This guide explains how to build Krita from standard Qt 5 and KDE Frameworks 5 development packages provided with your favorite linux distribution. This should be straightforward, but for more detail you can look into the old instructions for building Calligra.

You'll need to install a whole host of fairly small packages. The easiest thing you can do is to run the cmake config, and read the output. CMake will tell you what dependancies are still missing, and also what each dependancy does. That way, if you for example do not care for audio playback, you don't have to install those packages.


Building Krita

Once you have installed the dependencies, you are ready to clone the Krita repository.

cd ~/kf5/src               (Or, wherever you want to download the source code)
git clone git://anongit.kde.org/krita


CMake commands

Krita's build system has diverged from the Calligra build system. For example, Krita does not use productsets any longer.
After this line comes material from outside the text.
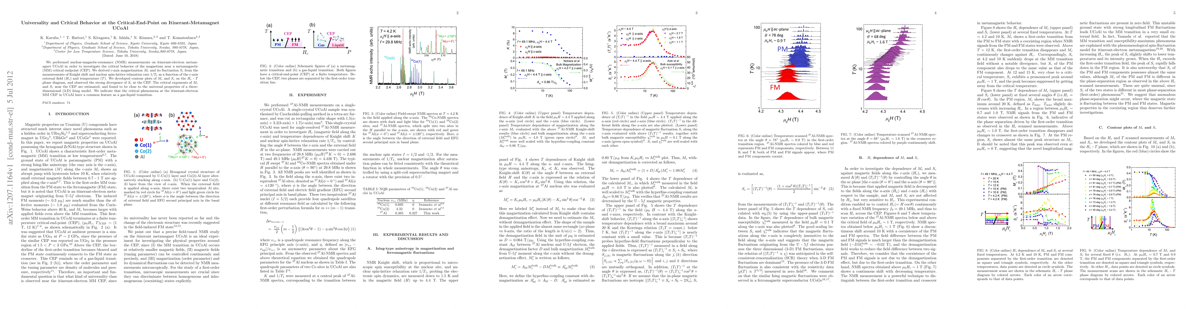We performed nuclear-magnetic-resonance (NMR) measurements on itinerant-electron metamagnet UCoAl in order to investigate the critical behavior of the magnetism near a metamagnetic (MM) critical endpoint (CEP). We derived c-axis magnetization $M_c$ and its fluctuation $S_c$ from the measurements of Knight shift and nuclear spin-lattice relaxation rate $1/T_1$ as a function of the c-axis external field ($H_c$) and temperature ($T$). We developed contour plots of $M_c$ and $S_c$ on the $H_c$ - $T$ phase diagram, and observed the strong divergence of $S_c$ at the CEP. The critical exponents of $M_c$ and $S_c$ near the CEP are estimated, and found to be close to the universal properties of a three-dimensional (3-D) Ising model. We indicate that the critical phenomena at the itinerant-electron MM CEP in UCoAl have a common feature as a gas-liquid transition.

Optimization level RelWithDebInfo is nearly always good enough for everyday debugging, and it can be used to paint with. Basically we have two build modes: for painters and for developers.

For painters:

  • disable unittests so the build becomes faster
  • disable safe asserts. it means when a not-too-serious problem arises, Krita will just dump a warning message into the console instead of crashing with an assert.
cd ~/kf5/build/krita
cmake ~/kf5/src/krita \                         ## your source directory
   -DCMAKE_INSTALL_PREFIX=~/kf5/inst \          ## your installation directory
   -DCMAKE_BUILD_TYPE=RelWithDebInfo \
   -DBUILD_TESTING=FALSE \
   -DHIDE_SAFE_ASSERTS=TRUE
make -j8 install

For developers:

  • enable unittests so you never break the builds
  • enable safe asserts. If a safe assert happens, it means there is a bug in Krita and should be fixed, even though recovery procedure can workaround it.
cd ~/kf5/build/krita
cmake ~/kf5/src/krita \                         ## your source directory
   -DCMAKE_INSTALL_PREFIX=~/kf5/inst \          ## your installation directory
   -DCMAKE_BUILD_TYPE=RelWithDebInfo \
   -DBUILD_TESTING=TRUE \
   -DHIDE_SAFE_ASSERTS=FALSE
make -j8 install


Remember that you can change build settings with cmake . -DNEW_SETTING or by using cmake-gui found in the package cmake-qt-gui

Environment variables

XDG_DATA_DIRS. You should need only one environment variable to run Krita 3:

export XDG_DATA_DIRS=~/kf5/inst/share:$XDG_DATA_DIRS

KRITA_PLUGIN_PATH. Krita's plugin loading can be a bit fragile, especially when debugging. You can force Krita to look in a specific folder for plugins using the environment variable KRITA_PLUGIN_PATH. For example, on a Kubuntu system with an install for Krita in ~/, the plugins are located in ~/kf5/inst/lib/x86_64-linux-gnu, so for proper debugging:

export KRITA_PLUGIN_PATH="~/kf5/inst/lib/x86_64-linux-gnu"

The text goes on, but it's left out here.